We are using pfff to for copying files across networks, and for Cloud and GRID computing. We are using it to find duplicate files in repositories. We are using it to see when files get truncated during copy. I even use it to copy files to my GPS over USB, a tediously slow process, to check whether the copy has succeeded, and to find duplicates in my music collection.
The chance of a collision (finding the same pfff identifier with two different files) is in the same order as with MD5. But where MD5 is slow, pfff is fast, particularly with large files, and/or a slow transport layer, but also on flash SSD drives(!), because pfff gets faster when seek times are low.
The only time you may not want to use pfff is when validating the full correctness of a file (as in the case of a backup, or when avoiding malware). In that case there is no solution but to read the full file.

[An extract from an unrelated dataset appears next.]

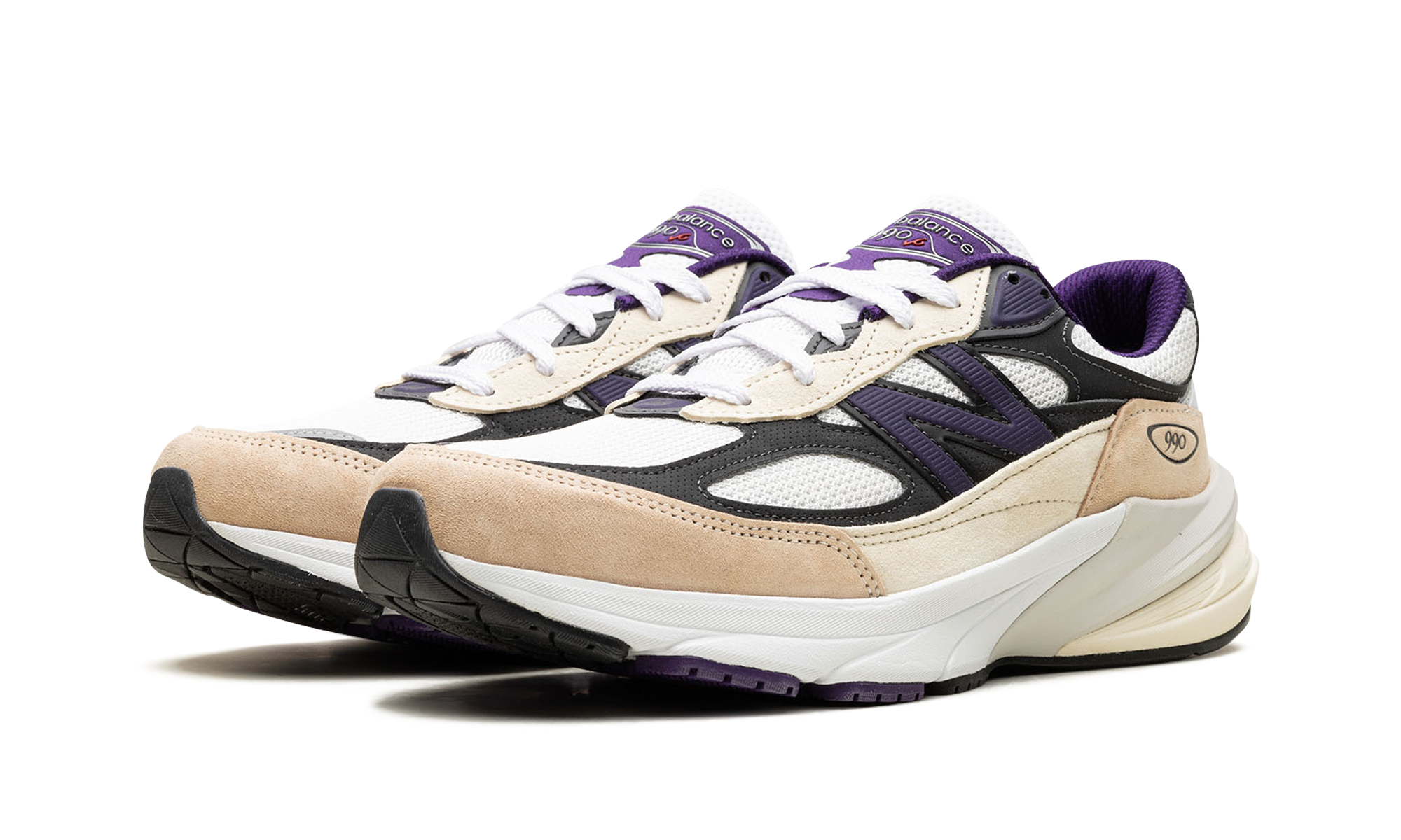 The New Balance 990v6 Made in USA “White/Black/Plum” is a colorway of the casual sneaker by the Boston-based shoe brand with a head-turning look. The shoe’s upper is complete with a white mesh construction and black leather and tan suede overlays. An Plum “N” logo can be found on both sides of the shoe. Signature “990” branding appears on the lateral side of the heel while “New Balance 990 v6” detailing can be found on the tongue. New Balance’s ABZORB cushioning with FuelCell and ENCAP technology is embedded in the shoe’s midsole.

In practise, with modern hardware and software techniques, it is very unlikely for a single byte (a mutation) to change in a file, without other side-effects (hardware errors, parser errors). What is likely, however, is truncation, incomplete transfers, and/or partial deletion of files. Pfff will always find these, because finger prints are guaranteed to change when data shifts.
pfff is free software, and written in C++ for Linux, OS X and Windows. It can be downloaded and compiled from [github](https://github.com/pfff/pfff). Soon we expect pfff to be available in the major software distributions.